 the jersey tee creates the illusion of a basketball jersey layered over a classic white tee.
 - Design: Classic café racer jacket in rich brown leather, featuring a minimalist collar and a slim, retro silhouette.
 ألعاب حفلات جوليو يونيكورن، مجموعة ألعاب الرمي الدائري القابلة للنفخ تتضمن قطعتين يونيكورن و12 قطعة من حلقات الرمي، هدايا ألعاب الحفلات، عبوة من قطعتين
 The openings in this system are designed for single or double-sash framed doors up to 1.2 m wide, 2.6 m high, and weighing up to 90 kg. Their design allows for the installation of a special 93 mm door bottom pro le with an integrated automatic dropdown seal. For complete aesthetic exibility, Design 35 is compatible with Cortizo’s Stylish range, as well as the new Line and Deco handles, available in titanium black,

---

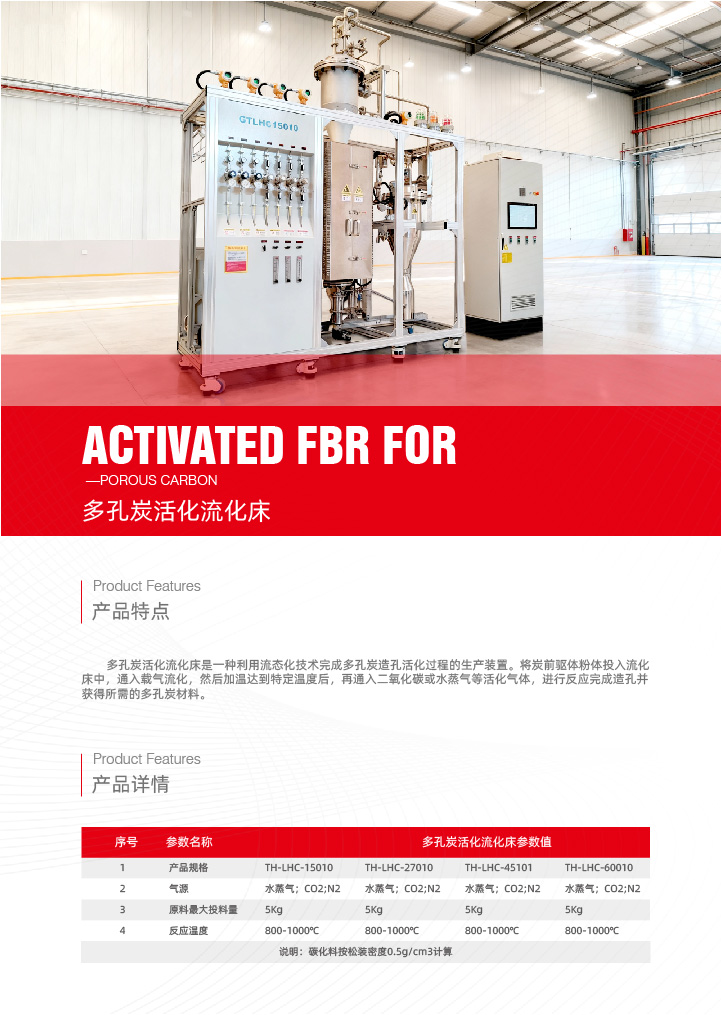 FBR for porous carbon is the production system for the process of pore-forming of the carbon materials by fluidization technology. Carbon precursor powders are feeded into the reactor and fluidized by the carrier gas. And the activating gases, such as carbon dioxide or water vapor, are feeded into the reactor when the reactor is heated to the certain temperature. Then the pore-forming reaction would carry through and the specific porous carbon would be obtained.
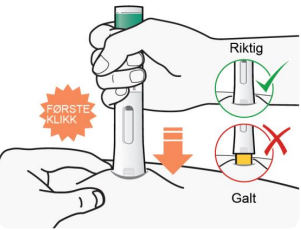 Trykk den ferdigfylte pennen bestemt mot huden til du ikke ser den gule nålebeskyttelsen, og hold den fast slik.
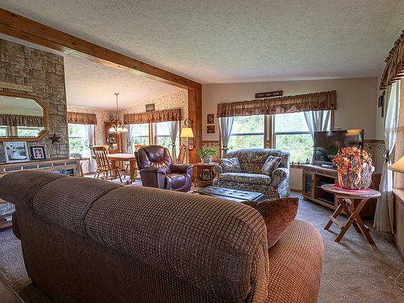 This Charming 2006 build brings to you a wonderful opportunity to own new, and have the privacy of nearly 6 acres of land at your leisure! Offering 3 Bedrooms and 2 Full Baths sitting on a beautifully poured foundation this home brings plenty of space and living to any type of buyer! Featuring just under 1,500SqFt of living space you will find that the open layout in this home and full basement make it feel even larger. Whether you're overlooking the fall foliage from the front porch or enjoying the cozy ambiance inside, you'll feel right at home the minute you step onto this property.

▸ **Required action**: What you return should be exactly the lines above, starting at the one with "ألعاب حفلات جوليو" and ending at the one with "The openings in", and nothing else.

▸ **Answer section**:
 ألعاب حفلات جوليو يونيكورن، مجموعة ألعاب الرمي الدائري القابلة للنفخ تتضمن قطعتين يونيكورن و12 قطعة من حلقات الرمي، هدايا ألعاب الحفلات، عبوة من قطعتين
 The openings in this system are designed for single or double-sash framed doors up to 1.2 m wide, 2.6 m high, and weighing up to 90 kg. Their design allows for the installation of a special 93 mm door bottom pro le with an integrated automatic dropdown seal. For complete aesthetic exibility, Design 35 is compatible with Cortizo’s Stylish range, as well as the new Line and Deco handles, available in titanium black,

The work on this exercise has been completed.